Task: Repeat the data word for word, excluding every picture.

Collected data:
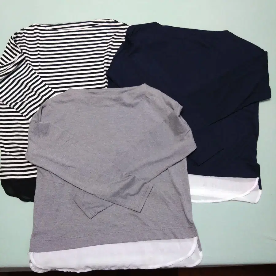 자동 번역되었어요. 원문보기스트라이프와 무지의 레이어드 디자인 긴팔 상의.
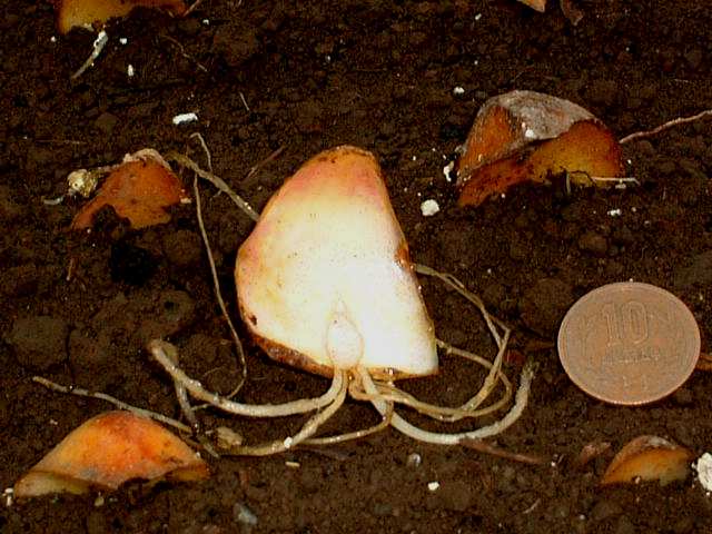 全島避難の日、3ヶだけ持ち出したユリ「島の光」の球根の鱗片を11月にバラバラに剥がし、湿らせたバーミュキュライトにまぜてビニール袋にいれておいた。1月になって1〜2ミリの小球根が鱗片の基部に発生。2月には5ミリ位になり、根も発生、今日鱗片と共に土に植えた。花が咲くまで3年位、立派な切花が切れるまでに5年位かかる。 |
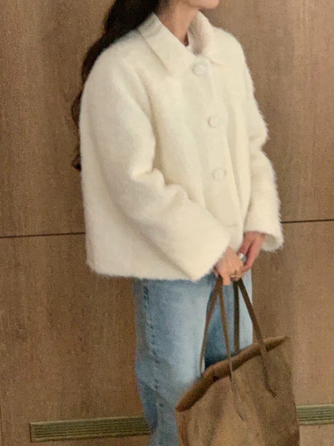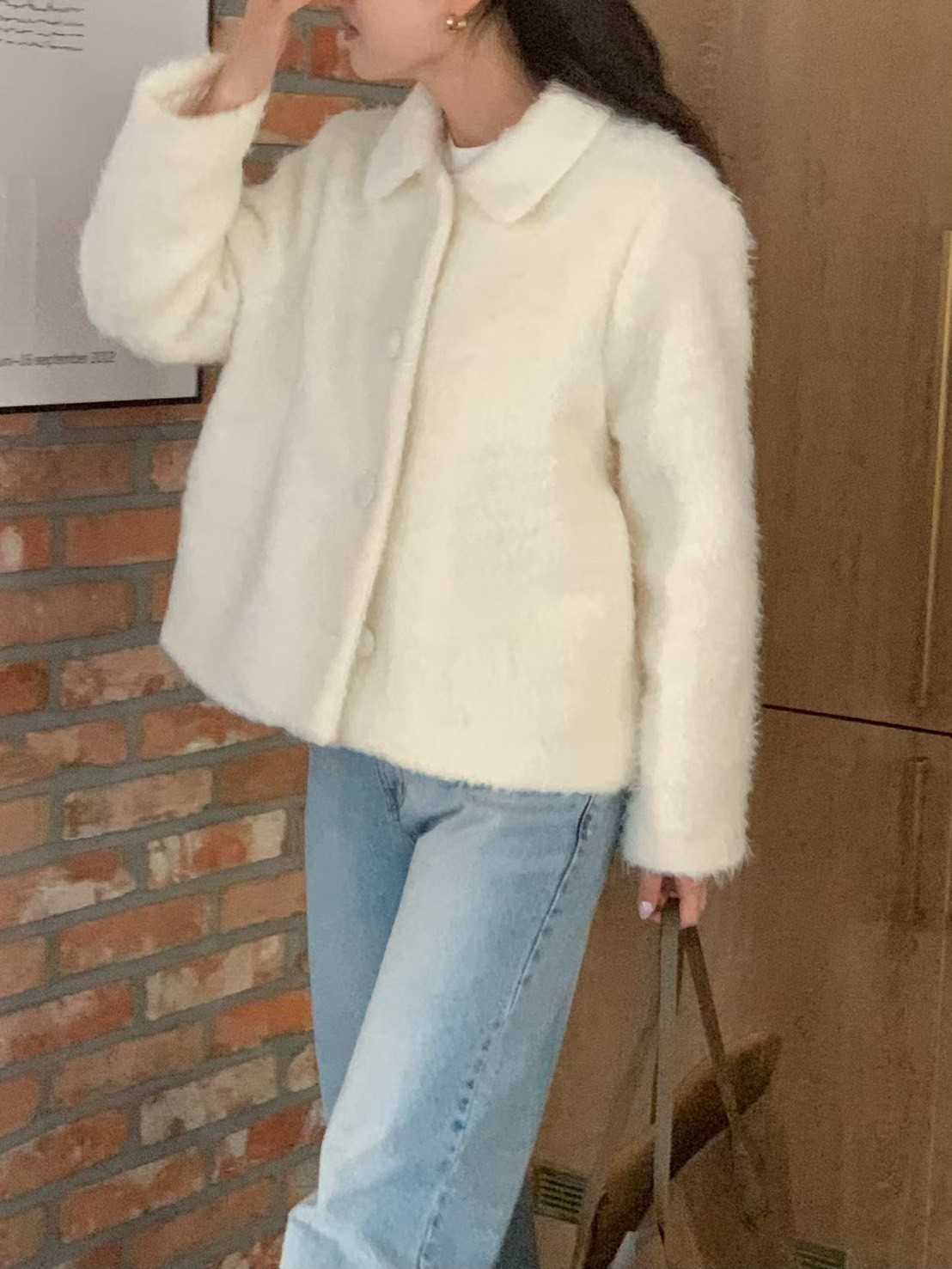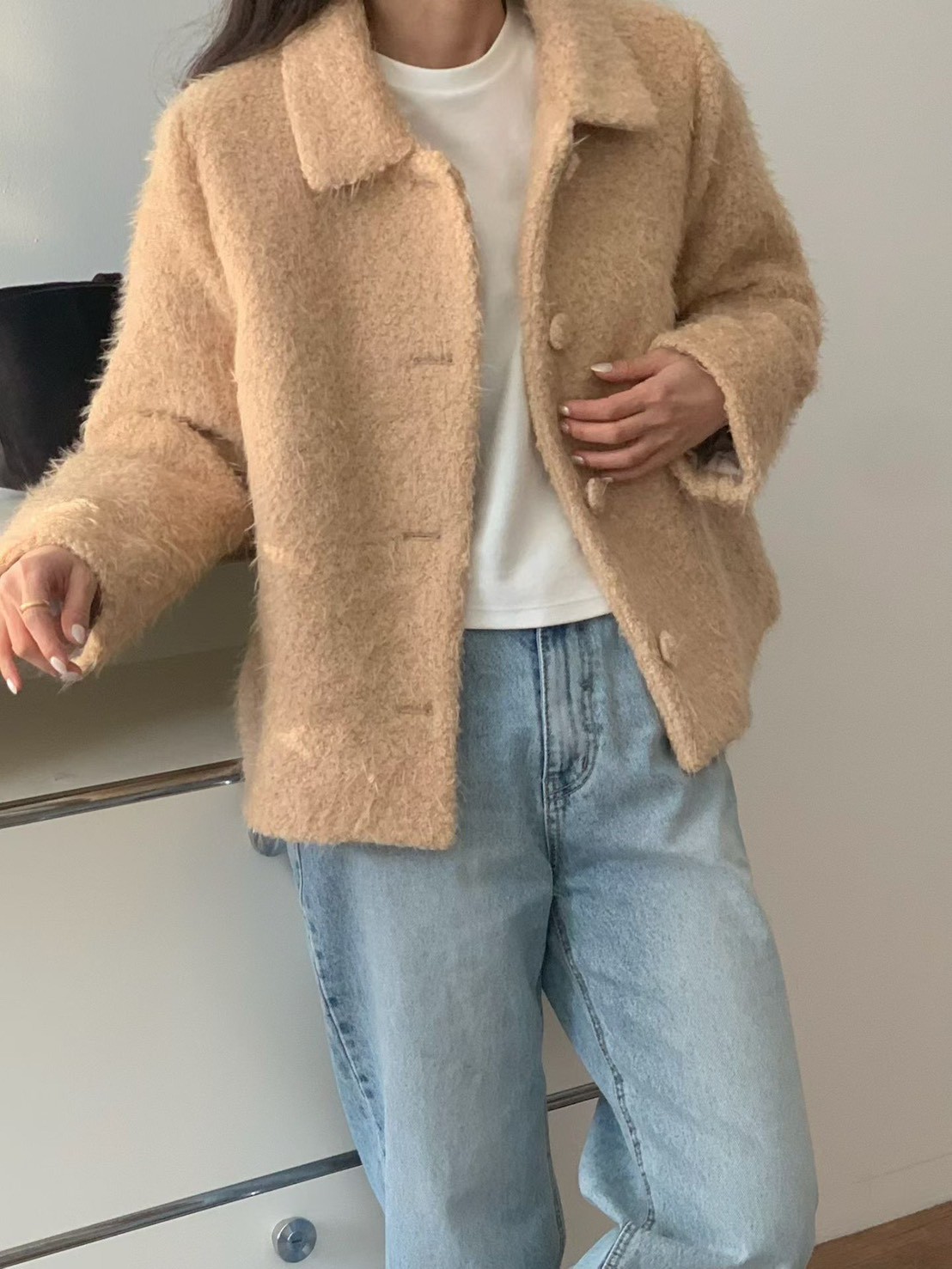 兔毛混馬海毛金屬logo可高領外套

Task result:
 자동 번역되었어요. 원문보기스트라이프와 무지의 레이어드 디자인 긴팔 상의.
 全島避難の日、3ヶだけ持ち出したユリ「島の光」の球根の鱗片を11月にバラバラに剥がし、湿らせたバーミュキュライトにまぜてビニール袋にいれておいた。1月になって1〜2ミリの小球根が鱗片の基部に発生。2月には5ミリ位になり、根も発生、今日鱗片と共に土に植えた。花が咲くまで3年位、立派な切花が切れるまでに5年位かかる。 |
 兔毛混馬海毛金屬logo可高領外套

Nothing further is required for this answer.